▶ [Activity] The line with "赤飯まんじゅう(2個入440" marks the first line to copy, and the line with "Женщины не отстают" marks the last. Transcribe that stretch of the data below exactly, without pictures.

▶ [Available records]
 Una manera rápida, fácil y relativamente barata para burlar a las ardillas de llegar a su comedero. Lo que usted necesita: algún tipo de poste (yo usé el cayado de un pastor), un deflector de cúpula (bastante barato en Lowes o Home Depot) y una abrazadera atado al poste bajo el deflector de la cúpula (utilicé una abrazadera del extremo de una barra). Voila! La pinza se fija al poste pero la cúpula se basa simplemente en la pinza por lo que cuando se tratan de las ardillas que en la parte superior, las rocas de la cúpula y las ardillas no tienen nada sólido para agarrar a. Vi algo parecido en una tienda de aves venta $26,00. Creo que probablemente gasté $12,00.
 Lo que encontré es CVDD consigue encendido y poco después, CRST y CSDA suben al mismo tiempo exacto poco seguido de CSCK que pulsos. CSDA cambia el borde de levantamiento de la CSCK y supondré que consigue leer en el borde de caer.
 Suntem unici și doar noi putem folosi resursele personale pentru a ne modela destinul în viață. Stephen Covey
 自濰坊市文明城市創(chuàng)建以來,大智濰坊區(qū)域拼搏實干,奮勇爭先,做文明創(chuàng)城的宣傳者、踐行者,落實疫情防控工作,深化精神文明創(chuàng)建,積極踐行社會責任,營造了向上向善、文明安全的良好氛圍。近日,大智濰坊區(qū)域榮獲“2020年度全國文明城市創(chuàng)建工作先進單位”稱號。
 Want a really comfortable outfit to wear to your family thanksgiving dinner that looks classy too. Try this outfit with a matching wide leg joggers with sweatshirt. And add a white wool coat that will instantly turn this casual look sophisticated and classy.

--

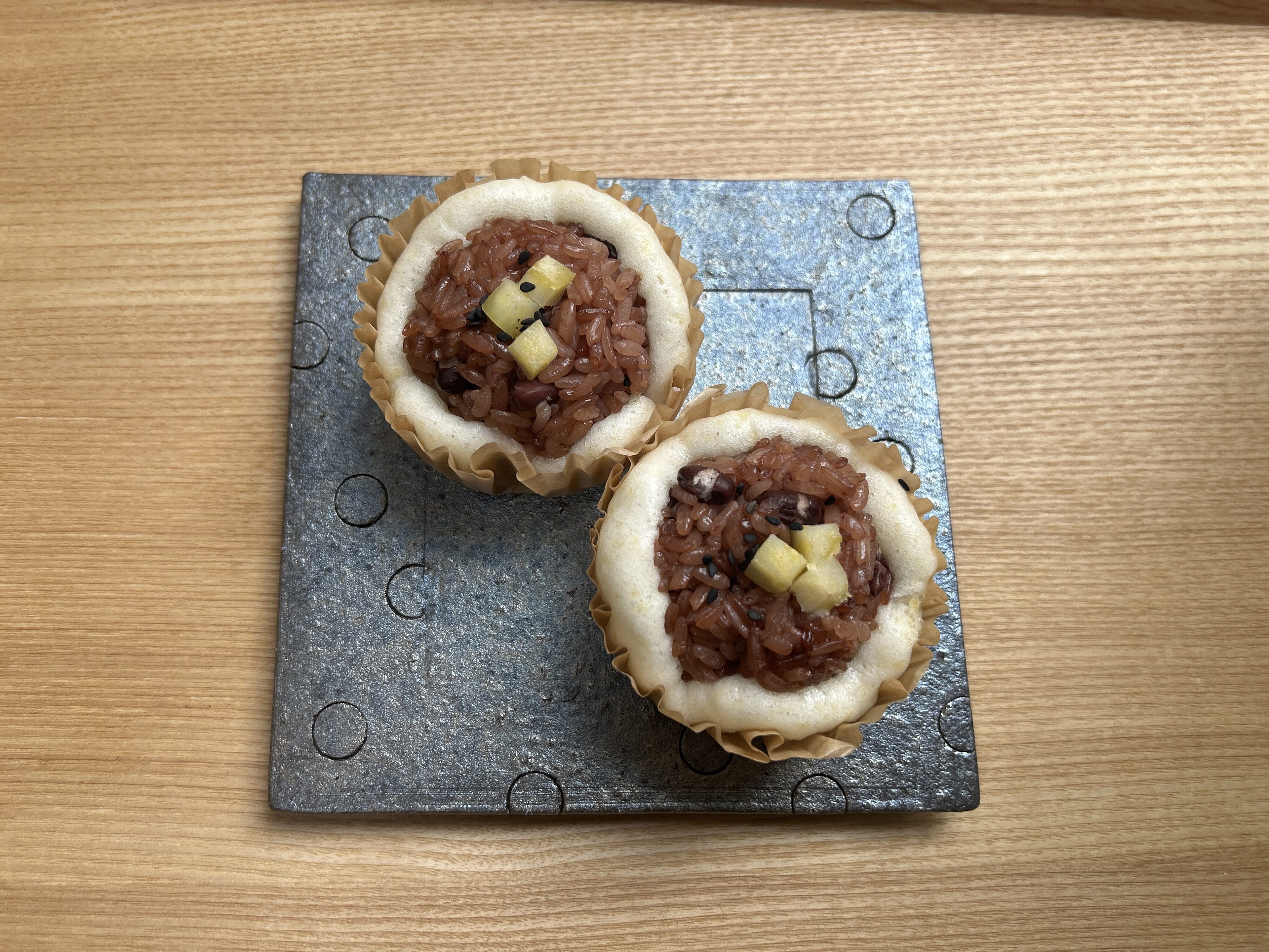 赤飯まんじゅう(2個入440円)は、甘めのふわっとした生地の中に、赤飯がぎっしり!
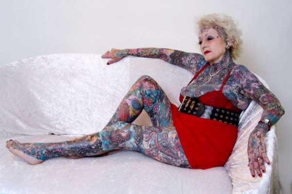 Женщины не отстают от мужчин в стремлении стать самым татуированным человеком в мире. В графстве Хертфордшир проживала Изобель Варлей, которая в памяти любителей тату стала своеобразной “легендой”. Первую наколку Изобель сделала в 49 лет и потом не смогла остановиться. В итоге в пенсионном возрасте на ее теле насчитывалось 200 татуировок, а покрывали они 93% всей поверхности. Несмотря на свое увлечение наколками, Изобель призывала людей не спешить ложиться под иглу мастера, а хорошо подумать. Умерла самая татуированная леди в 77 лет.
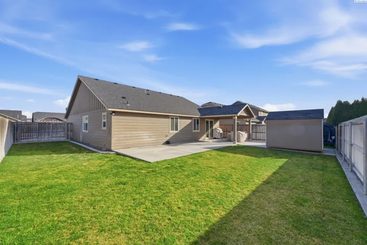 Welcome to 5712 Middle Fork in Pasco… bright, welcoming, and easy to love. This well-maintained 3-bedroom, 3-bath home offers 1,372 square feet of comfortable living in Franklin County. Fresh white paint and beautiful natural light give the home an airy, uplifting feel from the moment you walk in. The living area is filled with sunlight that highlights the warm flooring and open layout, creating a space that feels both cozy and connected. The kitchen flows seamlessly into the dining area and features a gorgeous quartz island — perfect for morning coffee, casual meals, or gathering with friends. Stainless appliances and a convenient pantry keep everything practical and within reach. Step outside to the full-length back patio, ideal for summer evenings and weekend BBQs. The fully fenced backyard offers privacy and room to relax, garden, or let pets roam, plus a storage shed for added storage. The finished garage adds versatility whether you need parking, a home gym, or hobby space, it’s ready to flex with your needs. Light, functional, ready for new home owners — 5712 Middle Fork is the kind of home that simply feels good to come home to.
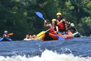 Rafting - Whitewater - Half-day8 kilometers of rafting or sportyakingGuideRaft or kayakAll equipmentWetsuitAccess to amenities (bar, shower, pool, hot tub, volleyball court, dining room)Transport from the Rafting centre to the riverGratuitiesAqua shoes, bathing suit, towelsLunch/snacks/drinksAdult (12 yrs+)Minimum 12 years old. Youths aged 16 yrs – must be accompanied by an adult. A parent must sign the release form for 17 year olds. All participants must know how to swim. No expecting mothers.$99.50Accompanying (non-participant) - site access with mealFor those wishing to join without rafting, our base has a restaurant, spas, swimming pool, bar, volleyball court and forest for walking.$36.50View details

--

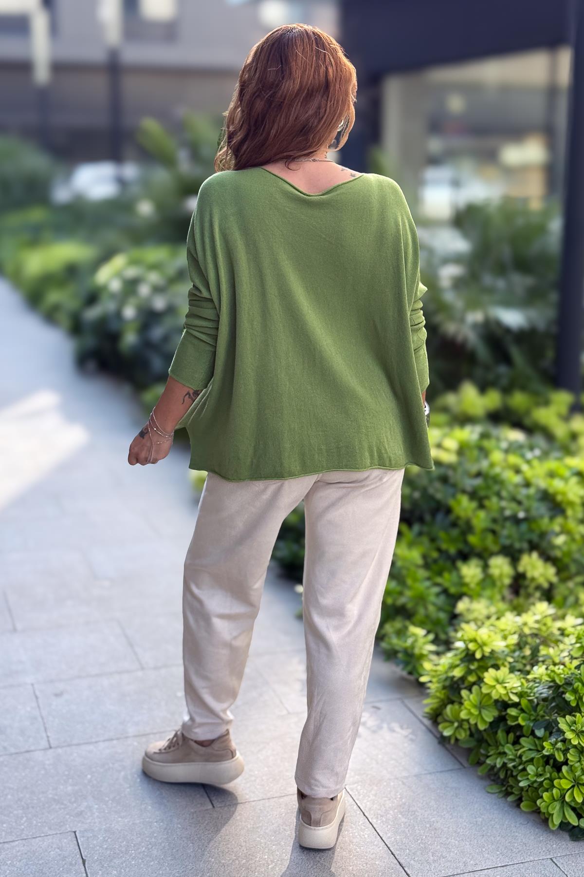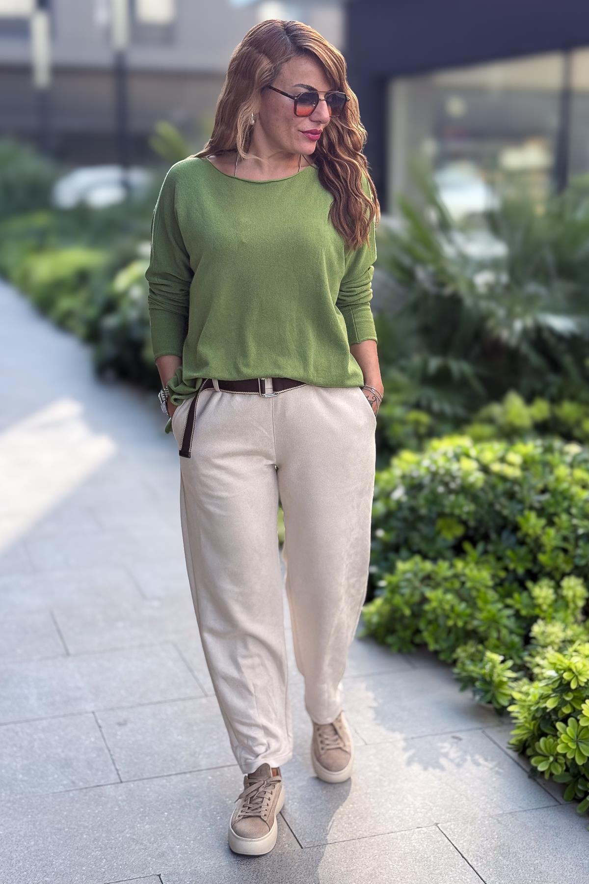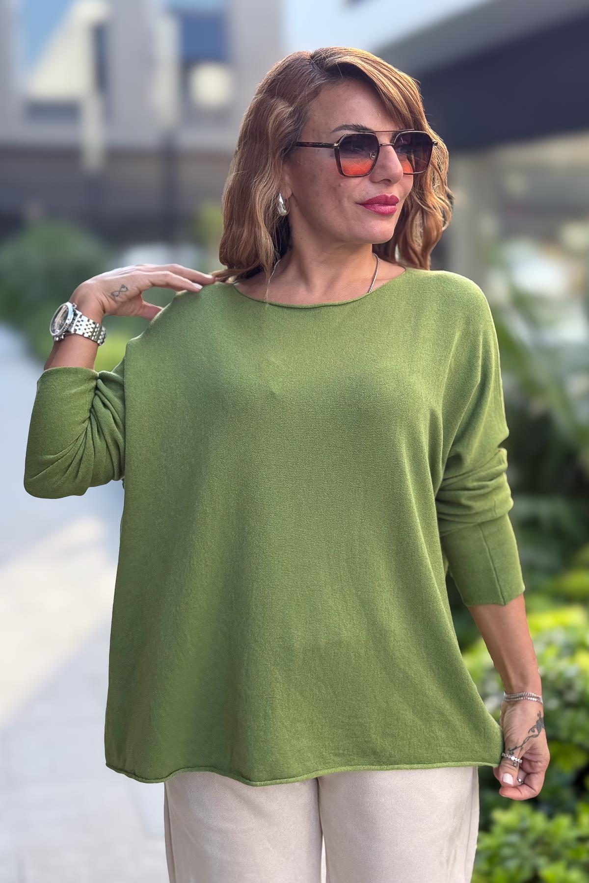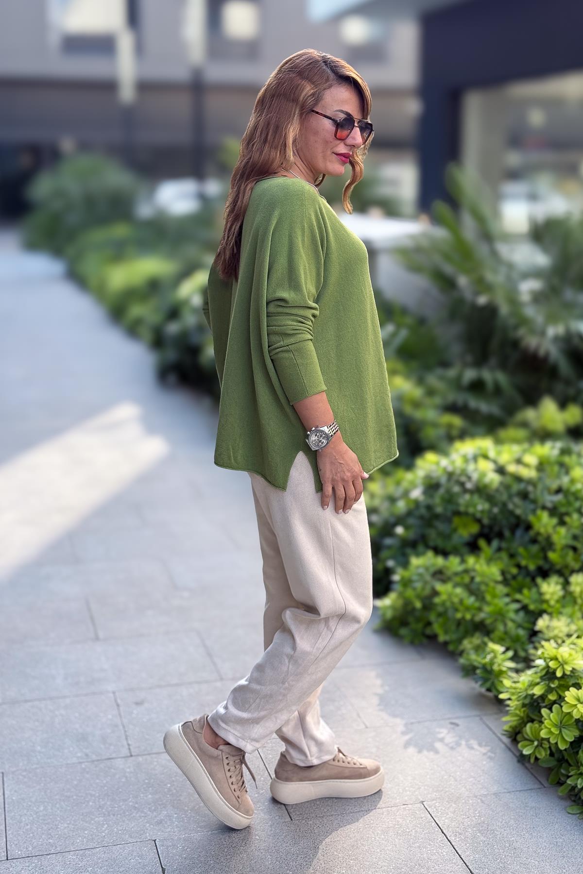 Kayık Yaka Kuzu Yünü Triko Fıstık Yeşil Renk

▶ [Exercise answer]
 赤飯まんじゅう(2個入440円)は、甘めのふわっとした生地の中に、赤飯がぎっしり!
 Женщины не отстают от мужчин в стремлении стать самым татуированным человеком в мире. В графстве Хертфордшир проживала Изобель Варлей, которая в памяти любителей тату стала своеобразной “легендой”. Первую наколку Изобель сделала в 49 лет и потом не смогла остановиться. В итоге в пенсионном возрасте на ее теле насчитывалось 200 татуировок, а покрывали они 93% всей поверхности. Несмотря на свое увлечение наколками, Изобель призывала людей не спешить ложиться под иглу мастера, а хорошо подумать. Умерла самая татуированная леди в 77 лет.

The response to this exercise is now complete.